BEGIN

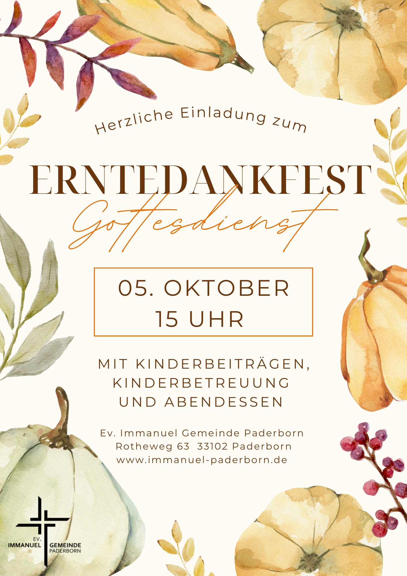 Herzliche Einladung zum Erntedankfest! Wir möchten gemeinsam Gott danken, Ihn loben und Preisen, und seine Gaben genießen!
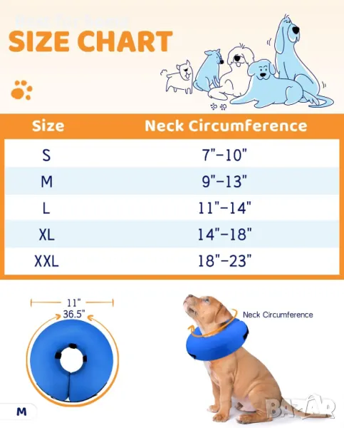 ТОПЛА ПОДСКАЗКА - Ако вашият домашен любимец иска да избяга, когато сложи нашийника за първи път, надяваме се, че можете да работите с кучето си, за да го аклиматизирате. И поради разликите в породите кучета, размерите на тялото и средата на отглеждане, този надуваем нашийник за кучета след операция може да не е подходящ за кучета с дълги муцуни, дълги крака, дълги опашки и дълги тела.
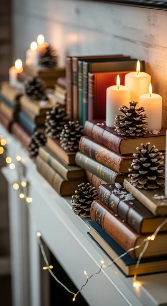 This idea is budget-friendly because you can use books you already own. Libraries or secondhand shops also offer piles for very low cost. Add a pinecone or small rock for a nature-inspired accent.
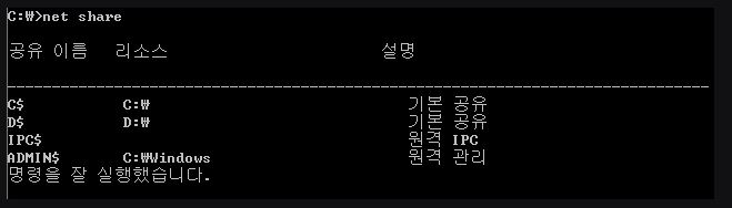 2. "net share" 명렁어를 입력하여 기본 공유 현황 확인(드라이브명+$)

END
BEGIN

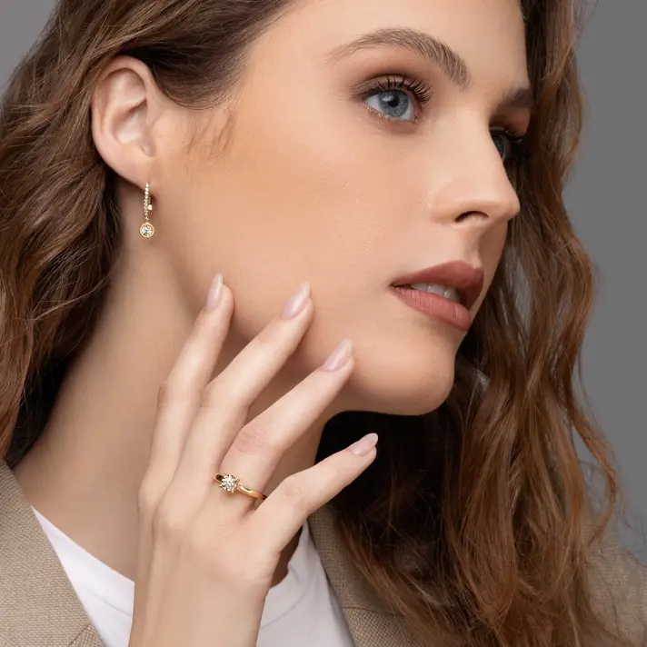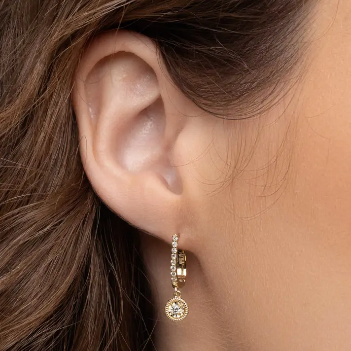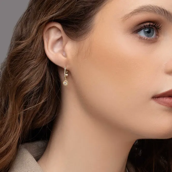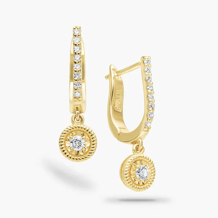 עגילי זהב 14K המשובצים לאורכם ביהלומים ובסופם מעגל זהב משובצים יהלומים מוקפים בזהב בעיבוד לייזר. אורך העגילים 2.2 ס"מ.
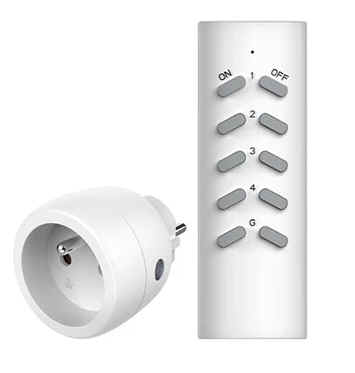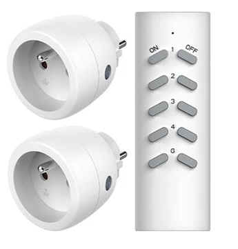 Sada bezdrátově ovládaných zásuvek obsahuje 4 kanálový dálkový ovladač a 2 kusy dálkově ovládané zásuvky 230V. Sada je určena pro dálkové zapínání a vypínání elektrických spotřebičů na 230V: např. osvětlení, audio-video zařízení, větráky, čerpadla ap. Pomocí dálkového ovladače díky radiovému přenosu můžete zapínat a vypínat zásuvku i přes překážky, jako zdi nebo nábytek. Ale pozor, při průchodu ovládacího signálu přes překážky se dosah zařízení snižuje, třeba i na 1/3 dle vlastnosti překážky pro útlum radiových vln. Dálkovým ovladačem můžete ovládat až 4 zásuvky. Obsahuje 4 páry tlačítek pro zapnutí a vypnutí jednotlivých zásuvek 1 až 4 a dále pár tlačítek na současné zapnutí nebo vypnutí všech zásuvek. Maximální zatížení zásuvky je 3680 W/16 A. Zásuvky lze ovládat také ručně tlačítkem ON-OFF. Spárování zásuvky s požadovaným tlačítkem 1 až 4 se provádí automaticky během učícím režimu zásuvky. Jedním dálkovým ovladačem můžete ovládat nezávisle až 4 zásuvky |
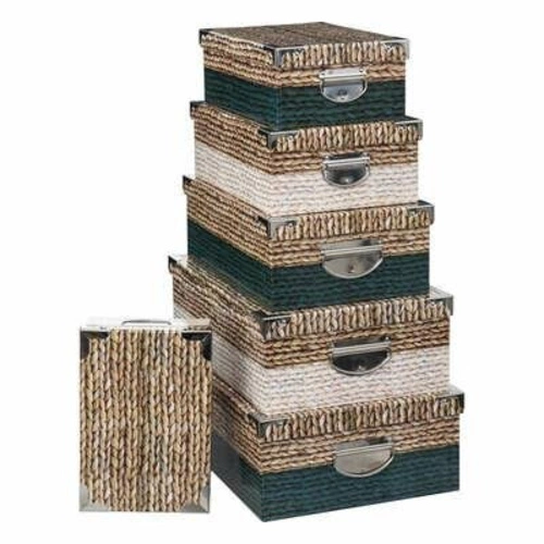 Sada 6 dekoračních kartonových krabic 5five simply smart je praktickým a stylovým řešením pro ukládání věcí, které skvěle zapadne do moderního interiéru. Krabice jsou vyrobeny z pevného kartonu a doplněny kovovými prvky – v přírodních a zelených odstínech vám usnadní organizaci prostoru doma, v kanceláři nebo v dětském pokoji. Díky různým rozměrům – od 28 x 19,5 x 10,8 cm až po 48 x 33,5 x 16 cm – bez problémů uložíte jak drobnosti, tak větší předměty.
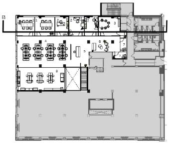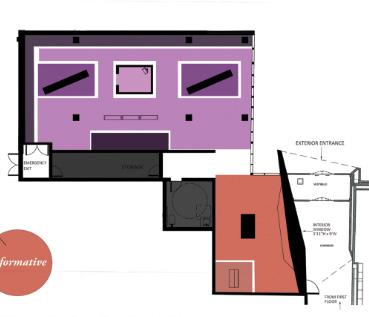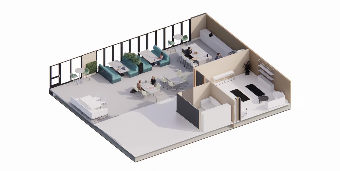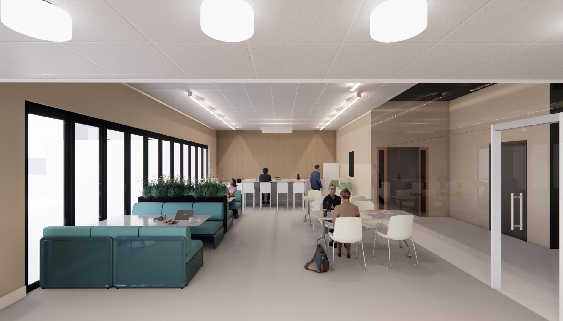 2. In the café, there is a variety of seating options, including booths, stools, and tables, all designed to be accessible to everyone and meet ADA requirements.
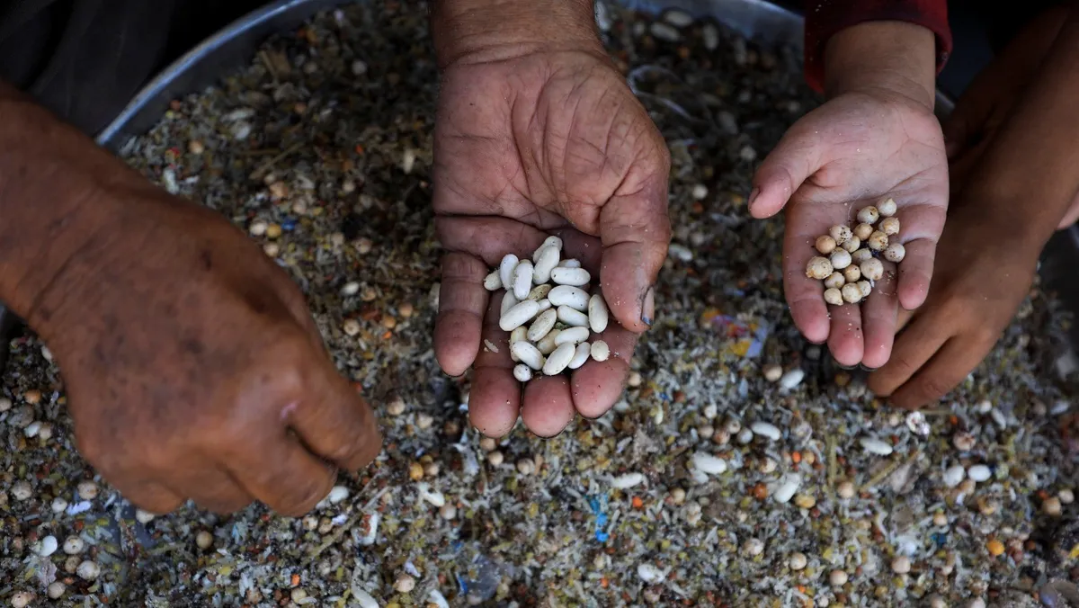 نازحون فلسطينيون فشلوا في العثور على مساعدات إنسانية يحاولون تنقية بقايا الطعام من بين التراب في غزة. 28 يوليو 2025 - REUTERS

END

Reproduce the data above exactly, but only from the line containing "Sada bezdrátově ovládaných" through the line containing "نازحون فلسطينيون فشلوا". Omit all pictures.

 Sada bezdrátově ovládaných zásuvek obsahuje 4 kanálový dálkový ovladač a 2 kusy dálkově ovládané zásuvky 230V. Sada je určena pro dálkové zapínání a vypínání elektrických spotřebičů na 230V: např. osvětlení, audio-video zařízení, větráky, čerpadla ap. Pomocí dálkového ovladače díky radiovému přenosu můžete zapínat a vypínat zásuvku i přes překážky, jako zdi nebo nábytek. Ale pozor, při průchodu ovládacího signálu přes překážky se dosah zařízení snižuje, třeba i na 1/3 dle vlastnosti překážky pro útlum radiových vln. Dálkovým ovladačem můžete ovládat až 4 zásuvky. Obsahuje 4 páry tlačítek pro zapnutí a vypnutí jednotlivých zásuvek 1 až 4 a dále pár tlačítek na současné zapnutí nebo vypnutí všech zásuvek. Maximální zatížení zásuvky je 3680 W/16 A. Zásuvky lze ovládat také ručně tlačítkem ON-OFF. Spárování zásuvky s požadovaným tlačítkem 1 až 4 se provádí automaticky během učícím režimu zásuvky. Jedním dálkovým ovladačem můžete ovládat nezávisle až 4 zásuvky |
 Sada 6 dekoračních kartonových krabic 5five simply smart je praktickým a stylovým řešením pro ukládání věcí, které skvěle zapadne do moderního interiéru. Krabice jsou vyrobeny z pevného kartonu a doplněny kovovými prvky – v přírodních a zelených odstínech vám usnadní organizaci prostoru doma, v kanceláři nebo v dětském pokoji. Díky různým rozměrům – od 28 x 19,5 x 10,8 cm až po 48 x 33,5 x 16 cm – bez problémů uložíte jak drobnosti, tak větší předměty.
 2. In the café, there is a variety of seating options, including booths, stools, and tables, all designed to be accessible to everyone and meet ADA requirements.
 نازحون فلسطينيون فشلوا في العثور على مساعدات إنسانية يحاولون تنقية بقايا الطعام من بين التراب في غزة. 28 يوليو 2025 - REUTERS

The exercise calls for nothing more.